Em Línguas e Culturas – Introdução à Etnolinguística e Oralidades Africanas (Edições Paulinas, 2024) o linguista e sacerdote católico Bonifácio Tchimboto propõe uma introdução as duas áreas de estudo: etnolinguística e as literaturas orais. Este autor angolano prossegue, assim, o seu trabalho de recuperação e valorização do património tradicional linguístico e cultural de Angola, numa linha de ação com alcance também político (do mesmo autor, ver na Montra de Livros as apresentações de Do Desprezo ao Apreço do Nome e Ética e Pedagogia na Literatura Oral Africana) .
No prefácio (pp. 7-8), escrito por Albert Ngeni Mundele (Universidade Católica da África Oriental, Nairobi, Quénia), identifica-se o enquadramento académico da obra e do autor. Na "Introdução" (pp. 11/12), Tchimboto expressa de modo muito sintético e direto a grande finalidade do trabalho apresentado: a etnolinguística como estudo da "relação da língua com a cultura de um povo determinado" (p. 11) e como metodologia de acesso à oralidade das culturas da África subsaariana, através das quais se podem conhecer os "arquétipos do pensamento e da ciência africana sobre o homem" (ibidem).

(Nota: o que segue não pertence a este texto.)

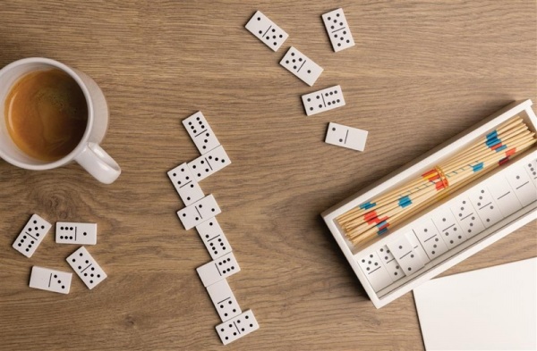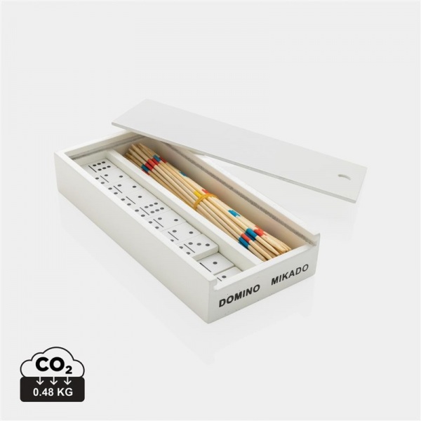Drevená sada dvoch klasických hier, ktorá obsahuje: domino (28 kociek) a mikádo (41 tyčiniek). Balené v bielej drevenej krabičke pre ľahký prenos kamkoľvek na cesty. Vyrobené z dreva s FSC® certifikáciou. Balené v FSC® kraftovej darčekovej krabičke.
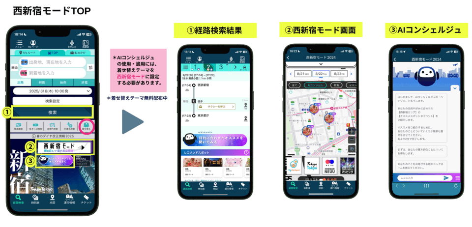 ジョルダンの「乗換案内」アプリ、西新宿エリア内で「AIコンシェルジュ」機能をリリース

Seguidamente, Línguas e Culturas estrutura-se em dez capítulos, os quais se repartem em duas vertentes solidárias: uma dedicada a noções de linguística, com destaque para a distinção entre a etnolinguística da sociolinguística, em que se menciona o contributo da hipótese de Sapir-Whorf e as correntes do generativismo inspiradas por Noam Chomsky; e uma segunda parte consagrada à literatura africana de tradição oral, realçando a tradição bantu e, mais particularmente, o património em umbundo, língua falada nas regiões centrais de Angola. Os títulos desses capítulos são bastantes claros quanto aos temas tratados e à discussão associada a cada um: "Generalidades sobre a etnolinguística" (cap. 1, pp. ); "Relativismo e gerativismo linguístico" (cap. 2); "Etnolinguística e sociolinguística" (cap. 3); Bilinguismo e plurilinguismo (cap. 4); "Tipologia de línguas e variação linguística" (cap. 5); "Noções gerais sobre a literatura oral" (cap. 6); "Literatura oral na civilização humana" (cap. 7); "Particularidades da literatura oral africana" (cap. 8); "Géneros da oralidade africana" (cap. 9); e "Métodos e técnicas de pesquisa" (cap. 10).
A "Conclusão" (pp. 203/204) é um texto muito breve que deixa uma mensagem ambiciosa, como que profética, defendendo, com a metáfora «partir de casa», uma orientação pan-africana como estratégia para a afirmação de África no mundo. Defendendo a pertinência da etnolinguística e dos estudos da literatura oral africana, afirma o autor: «Partir de casa é partir da língua de casa, das línguas nígero-congolesas, das línguas bantu, da língua umbundu» (p. 204).
Escrito num estilo muito vivo, cujas frases parecem ecoar os dispositivos retóricos e oratórios da prosa vieirista, Línguas e Culturas desenvolve uma argumentação por vezes muito crítica da visão da escrita e do livro como fatores fundadores da literariedade e do conceito de literatura. A abordagem de Bonifácio Tchimboto é, portanto, muito útil pela clareza da exposição, ao mesmo tempo que as suas teses são estimulantes por desafiarem perspetivas que em Portugal talvez se aceitem sem discussão.